Media critics lambasted Trump for employing the trademark rooting gesture of Braves fans — the tomahawk chop — on camera. Not that his critics are Astros fans, but because the gesture has become politically incorrect, as CNN explained, due to racial imagery considered hostile to American Indians.

Trump fans ate it up like Thanksgiving turkey with a side of cranberry sauce, as Trump basked in the limelight.

The ex-president remains mum as to his intentions for 2024, but as he marks the first anniversary of the election in which he lost his job to Joe Biden, Trump remains the Republican candidate to beat in 2024.

Trump pollster John McLaughlin surveyed 1,000 likely voters in mid-October. Squaring off against a field of 17 potential challengers, Trump held a huge lead of 43% over his nearest rival, Florida governor Ron DeSantis.

“Donald Trump just looms, and there’s no other way to put it,” said Sean Trende, senior elections analyst for Real Clear Politics, on a recent podcast with political analyst Bill Kristol. “If he runs [in 2024], a lot of Republican governors and big ticket people will decide to wait until 2028 to run.”

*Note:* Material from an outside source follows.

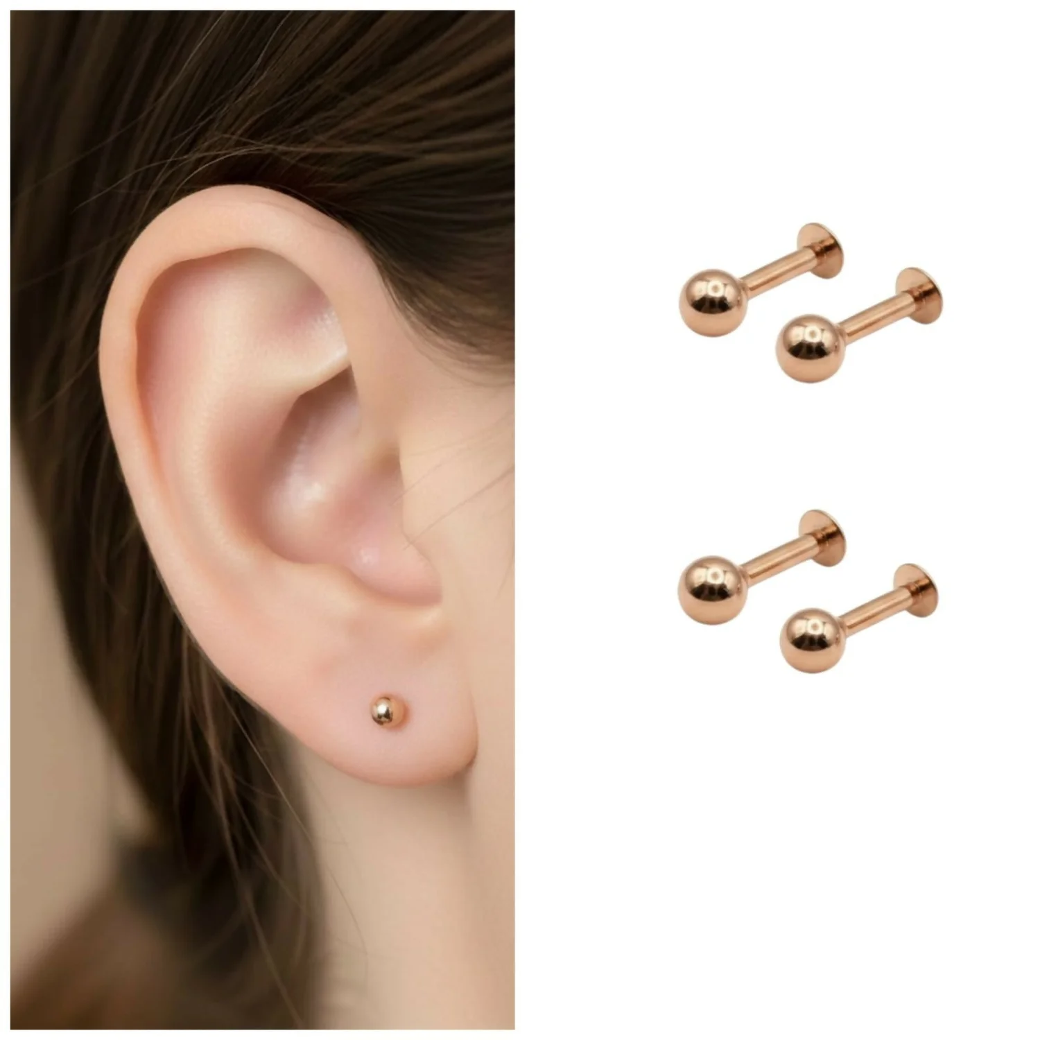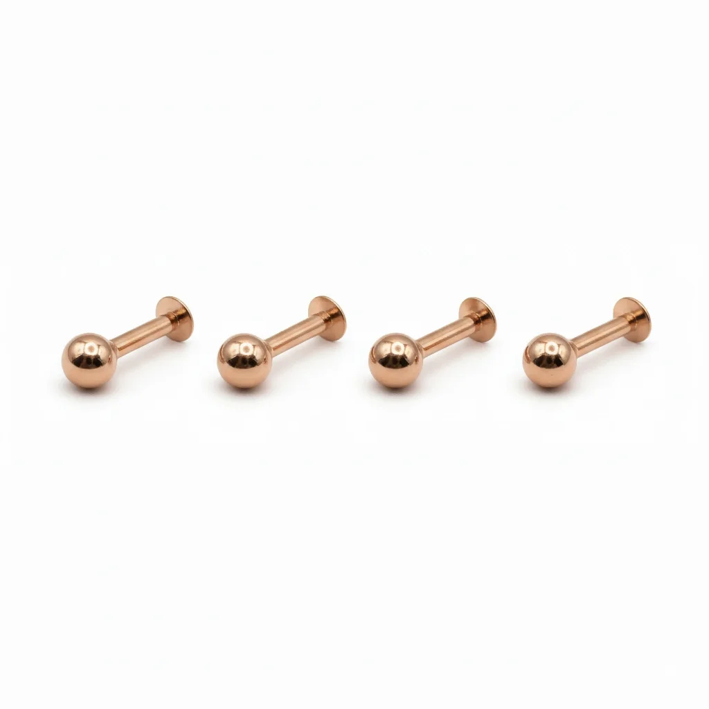 Elevate your everyday style with ultimate comfort. These Rose Gold Flat Back Labret Studs are designed for those who value both aesthetics and ease. Featuring a sleek, high-polish finish, these studs are perfect for a variety of piercings, including the lobe, tragus, helix, and cartilage.

As the clear front-runner, Trump is in no hurry to declare his intentions. The longer he plays coy, the harder it will get for opponents to raise a campaign war chest or increase their name recognition.

In the meantime, Trump selectively keeps himself in the public eye. He announced plans to establish his own social media platform to compete with the ones who banned him. He has addressed rallies in key states such as Ohio, Iowa, Florida, and Arizona. Politically incorrect as ever, Trump repeatedly flogs the Biden administration, flouting the norm observed by most former presidents who refrain from publicly criticizing their successors.

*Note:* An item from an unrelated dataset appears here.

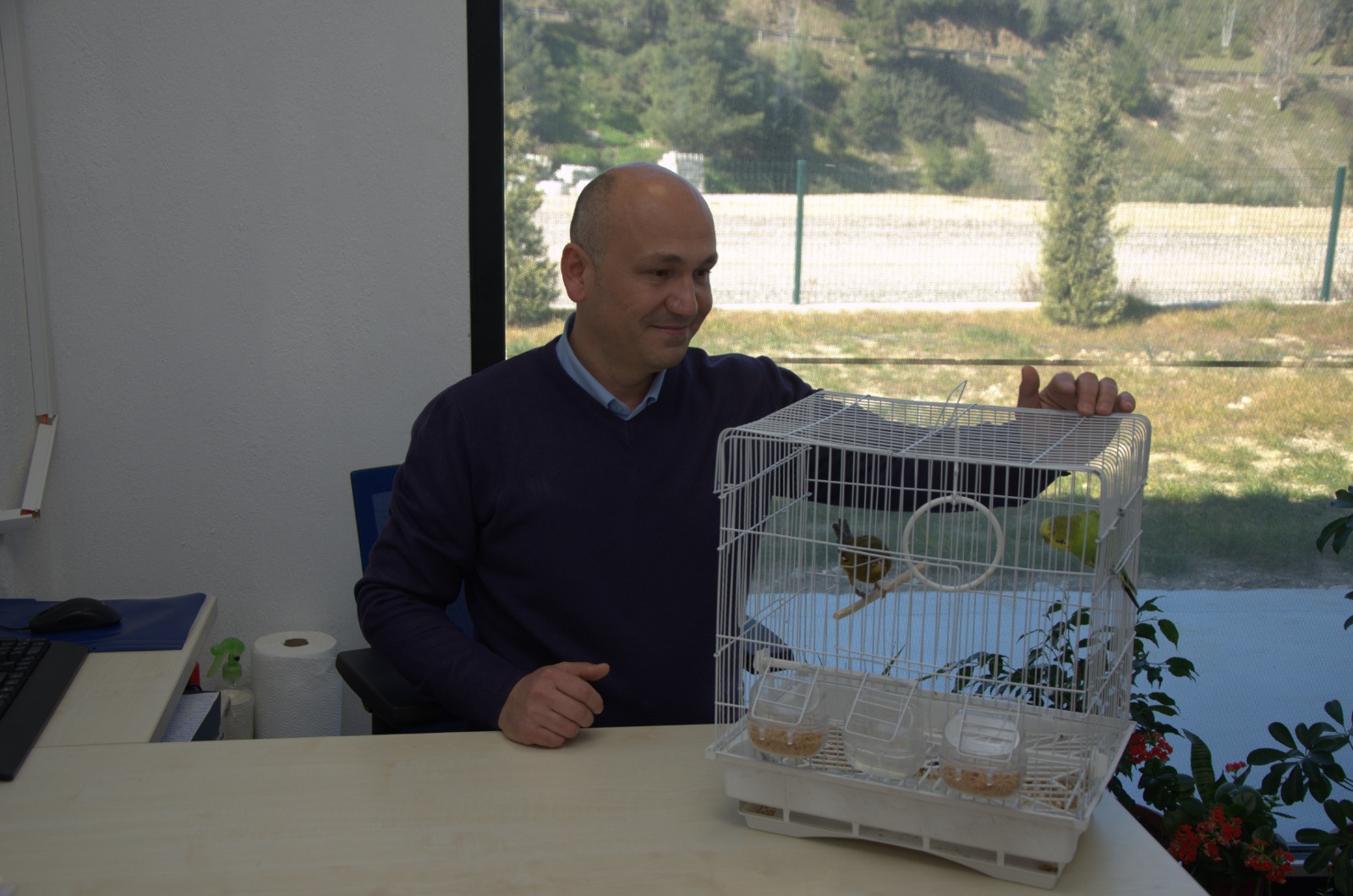 Enkazdan kurtarılan muhabbet kuşuna Can, kanaryaya ise Umut ismini veren Pako Sokak Hayvanları Sosyal Yaşam Kampüsü çalışanları ofislerine aldıkları kuşlarla yakından ilgileniyor.

Trende contends that if Trump decides not to run, DeSantis and Nikki Haley would become the front-runners. DeSantis, because he represents what Trende called an “intelligent Trumpiness,” and Haley, because she is shrewdly cultivating support from both the Trump and Mitt Romney wings of the party.

Should DeSantis and Haley and others jump in? Would competition benefit the Republican Party? Is it a mistake to sit back and hand Trump the nomination by default? No Republican wants to be the sacrificial lamb led to the slaughter if Trump is a sure winner, but voters may well benefit by seeing some contrast and hearing healthy debate over the issues, policy prescriptions, and the right personality to put that all across to a sharply divided electorate.